▶ [ASSIGNED TASK]
Which lines run from the start of the material below through the line containing "Natürlich & modern"? Retype them exactly, pictures excluded.

▶ [SUPPLIED RECORDS]
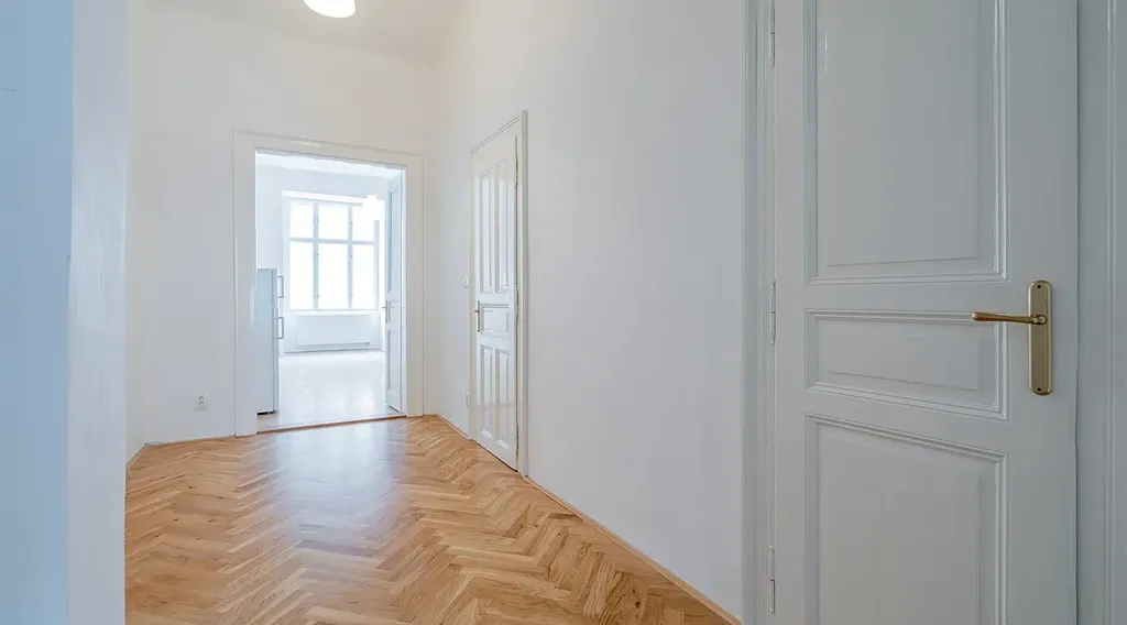 Byt se pyšní vysokými stropy, velkými okny, díky kterým je zde po celý den dostatek světla, a původními udržovanými parketami, které interiéru dodávají elegantní atmosféru typickou pro Vinohrady.
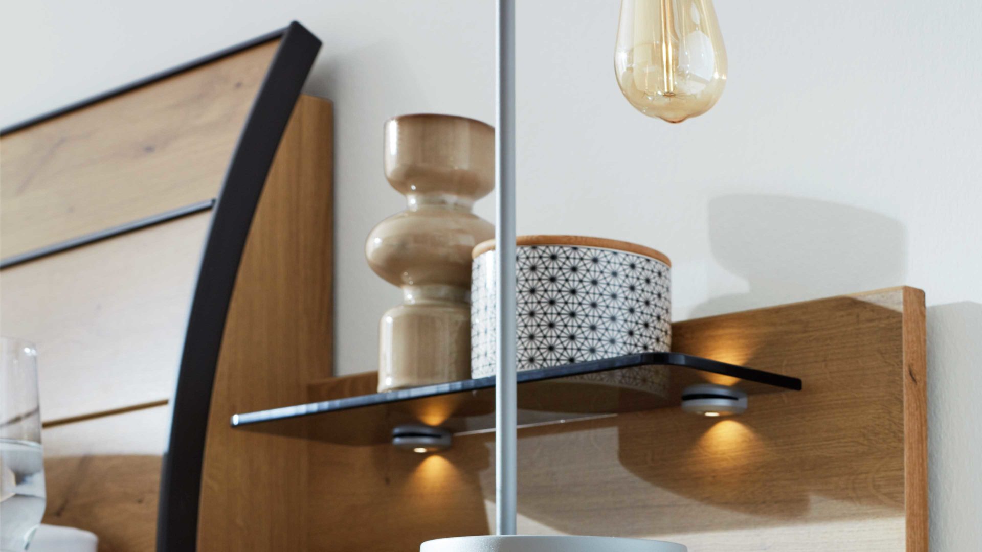Natürlich & modern zugleich: Die Kombination aus Bianco Eiche Nachbildung und einer edlen Rauchglasablage sorgt für warme, zeitgemäße Leichtigkeit. Das Paneel harmoniert perfekt mit weiteren Möbeln der Serie 1205 und fügt sich nahtlos in unterschiedliche Schlafzimmerstile ein.
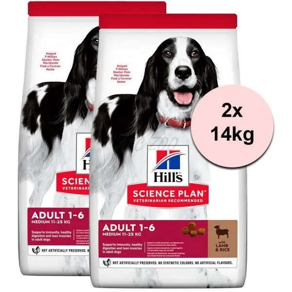 Hill's Science Plan pre stredné dospelé psy s jahňacím a ryžou 2 x 14 kg
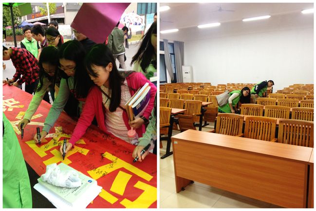 为改善教室卫生环境,营造良好的学习氛围,城环系志愿队与计信系志愿队于11月13日-14日联手开展了主题为“垃圾不落地,教室更美丽”的志愿者卫生宣传主题活动。 活动期间,机信系志愿队组织志愿者到7号教学楼对每间教室进行了
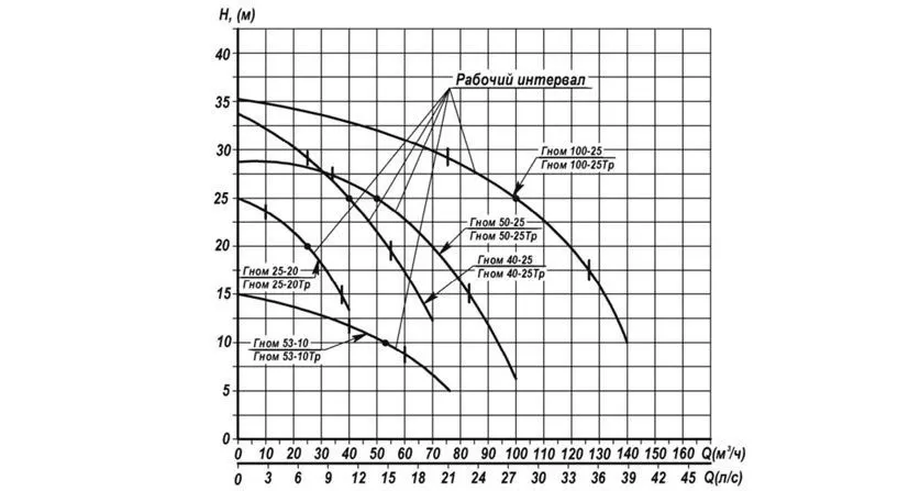 Графические характеристики дренажного насоса ГНОМ 50-25
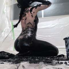 JustJade rolled around with JBLovesmud on a tarp covered with oil
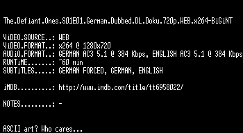 | FiLENAME: | The.Defiant.Ones.S01E01.German.Dubbed.DL.Doku.720p.WEB.x264-BiGiNT.mkv |
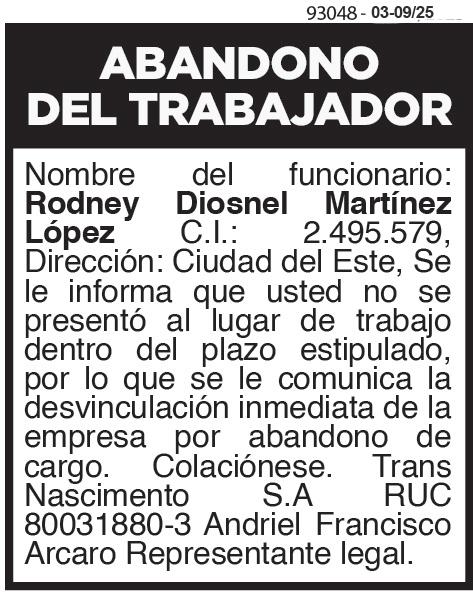 ASAMBLEA GENERAL ORDINARIA. AGROBUSINESS DEL PARAGUAY SOCIEDAD ANÓNIMA c onvoca a Asamblea General Ordinaria a llevarse a cabo el día 12 de Setiembre de 2.025, a las 16:00 horas, sito en San José Fracción Macarena, Ciudad del Este, Departamento del Alto Paraná orden del día: 1 - Designación del presidente y secretario de la Asamblea. 2 - Emisión de Nuevas Acciones, canje de las acciones anteriores 3Designación de un accionista para firmar el acta de asamblea. El Directorio. 93274- 2 al 6/09 A
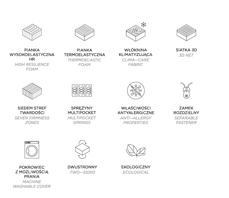 Dzięki zastosowaniu 7 strefowej sprężyny multipocketowej, materac jest bardzo elastyczny.
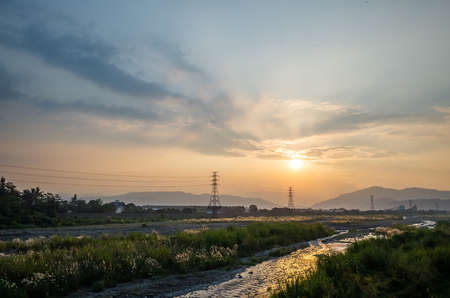 urban sunset scenery with electronic tower under colorful sky at Puli township, Nantou, Taiwan
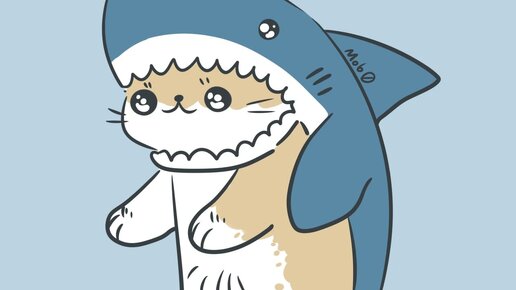 Милая иллюстрация кота в костюме акулы. Скетч забавного кота в костюме голубой акулы. Просто небольшой рисунок милого кота.
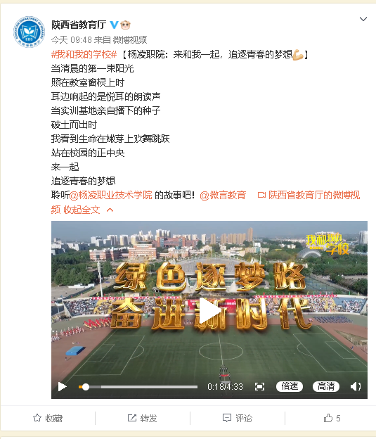 【陕西省教育厅微博】杨凌职院:来和我一起,追逐青春的梦想
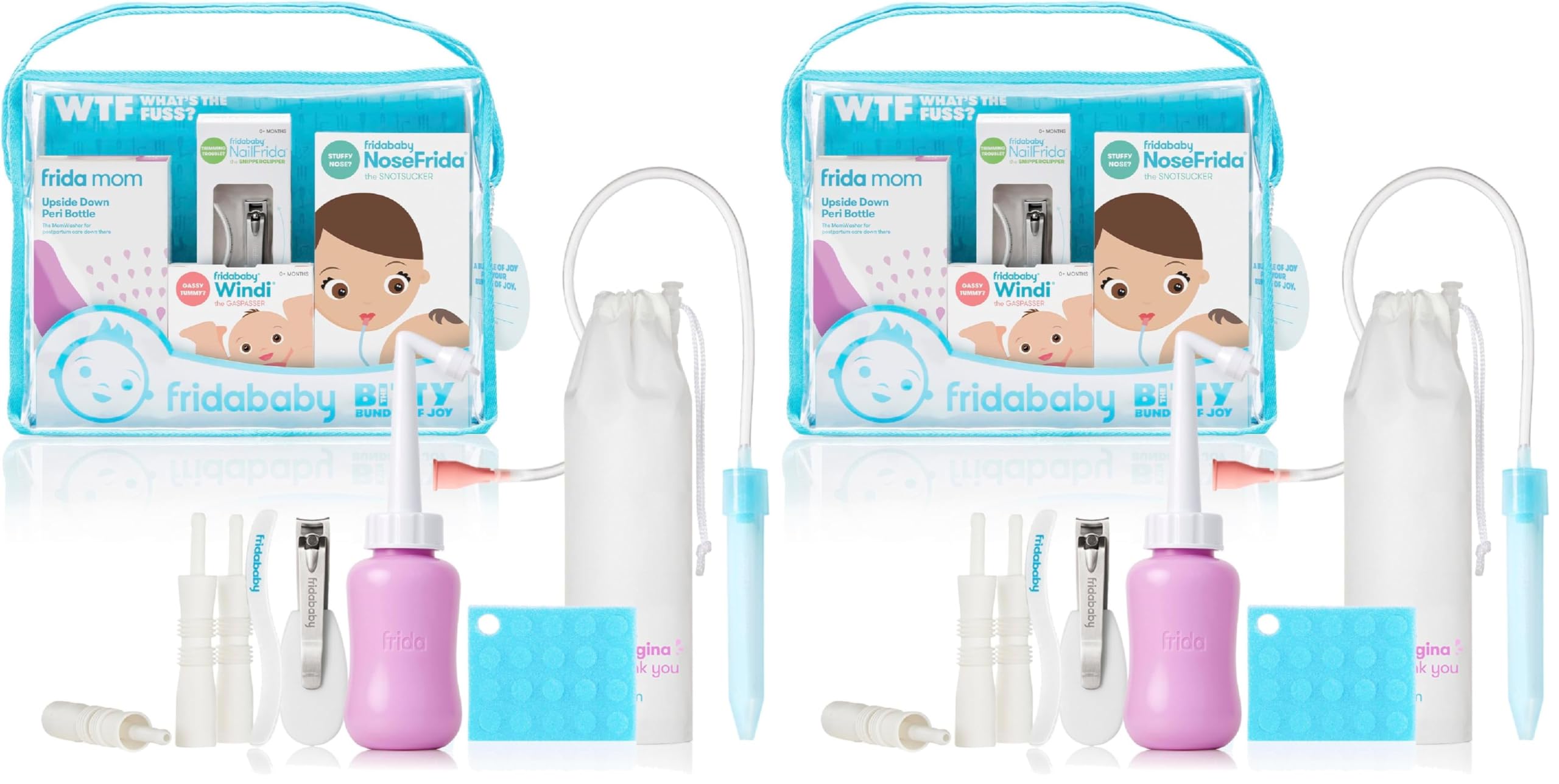 Frida Baby Basics Kit, 6pc Baby Essentials Kit Includes Nasal Aspirator Snotsucker, NailFrida Nail Files, Windi Gas Relief, DermaFrida Bath Brush + Silicone Carry Case

▶ [TASK RESPONSE]
 Byt se pyšní vysokými stropy, velkými okny, díky kterým je zde po celý den dostatek světla, a původními udržovanými parketami, které interiéru dodávají elegantní atmosféru typickou pro Vinohrady.
Natürlich & modern zugleich: Die Kombination aus Bianco Eiche Nachbildung und einer edlen Rauchglasablage sorgt für warme, zeitgemäße Leichtigkeit. Das Paneel harmoniert perfekt mit weiteren Möbeln der Serie 1205 und fügt sich nahtlos in unterschiedliche Schlafzimmerstile ein.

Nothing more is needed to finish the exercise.